Once the sample has been placed into the tube and covered with the box, Mahan said the phone app developed by his team does all the work — a user doesn't have to manually take the photos but can just put the camera on the box and press a button. The app will then take a photo every 10 seconds to measure the change in the fluorescence, he said.
The app analyzes the photos taken by the camera, measuring the glow rate and returns a positive or negative result — a positive result can be returned within 15 minutes, with 25 minutes as the cutoff to receiving a result. The time to result can also depend on the saliva sample and whether it's been degraded by food or drink, he added.
Mahan's team tested the assay with five different variants and found it was able to detect all of them, he noted. While it hasn't been tested with Omicron and there are currently no plans to do so, the researchers used a bioinformatics tool to predict the likelihood of the test detecting Omicron and found that it was "highly likely," he said. When developing the test, Mahan said the team stayed away from using the spike protein, since they knew it was "highly mutable." And if a variant arises that the test can't detect, only the primer would need to be changed, which wouldn't be hard, he added.
The primer change would also be necessary to detect other viruses, which Mahan's team has shown can be done, he said. The test has been used to detect urinary tract infections, Escherichia coli, and Staphylococcus in humans, as well as Streptococcus in mice, he said. It can also use different sample types, including blood, urine, and feces, he said.
"It's just a matter of primer design," he said.
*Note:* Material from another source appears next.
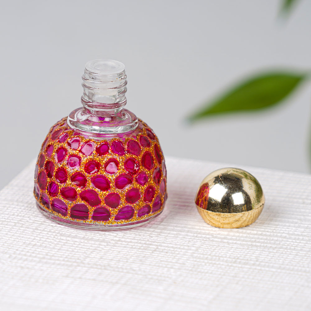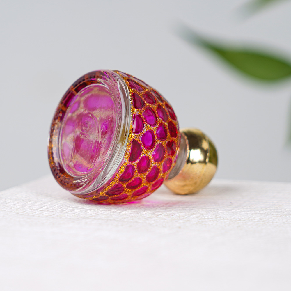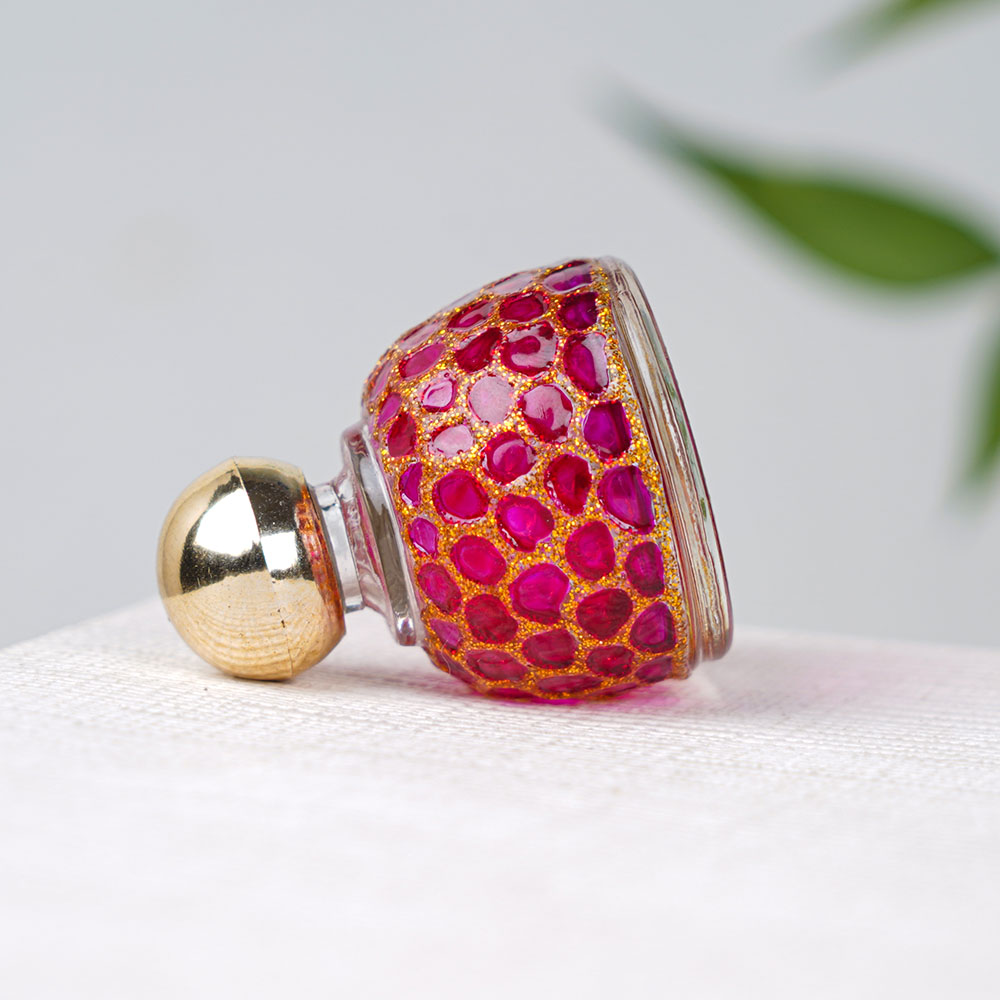 An exquisite glass bottle that is a stunning addition to any collection of decorative perfume bottles. Handmade by skilled Indian craftsmen, this pink bottle features intricate golden sparkles carved into its glass, making it a true work of art. The bottle is sealed with a golden-coloured knob, adding a touch of luxury to its already elegant appearance. This premium perfume bottle is not just a decorative piece, but also practical, as it can be used to store your favourite perfume or oil. The design carved into the glass is a testament to the craftsmen's skill, showcasing a delicate and intricate pattern that adds to the bottle's beauty. This decorative perfume bottle can be placed on a table or shelf to add a touch of sophistication to any room. It makes for a thoughtful and lovely gift for special or festive occasions, such as birthdays or weddings. So, whether you're adding it to your collection of perfume decant bottles or giving it as a gift, this handmade pink and golden sparkle glass bottle is sure to impress.

Although the JAMA study found 100 percent concordance with PCR and sensitivity and specificity of 95 percent, Mahan noted that it was limited to only 50 patients due to difficulty getting samples. When performing the study, the team followed the guidelines laid out by the US Food and Drug Administration for a test to receive Emergency Use Authorization, for which the researchers plan to submit.
He added that they have had some minor discussions with potential partners for commercialization, but nothing has been formalized yet. To be commercialized, the test would likely need to come with a device that would include a way to heat the sample, as well as a box and light to capture the glow of the mix, he said. For the JAMA study, his team spent less than $100 on the device needed for the test. Right now, supplies are $7 per test, but Mahan said that it could eventually get down to between $2 and $3 per test. About 90 percent of the $7 price is enzymes, which Mahan said could "be easily cut in half with a large quantity purchase," reducing the price significantly.
Mahan emphasized that he doesn't want to patent the test and leave it on a shelf for only people with disposable income to buy — the "driving force" was to "get something to developing countries" to help with the pandemic, although he also sees "real applications" for the test in the US as well as a cheaper and more accurate at-home product than currently available rapid antigen tests.
"Until we get the world's population 90 percent vaccinated … these tests are going to be very important," he said.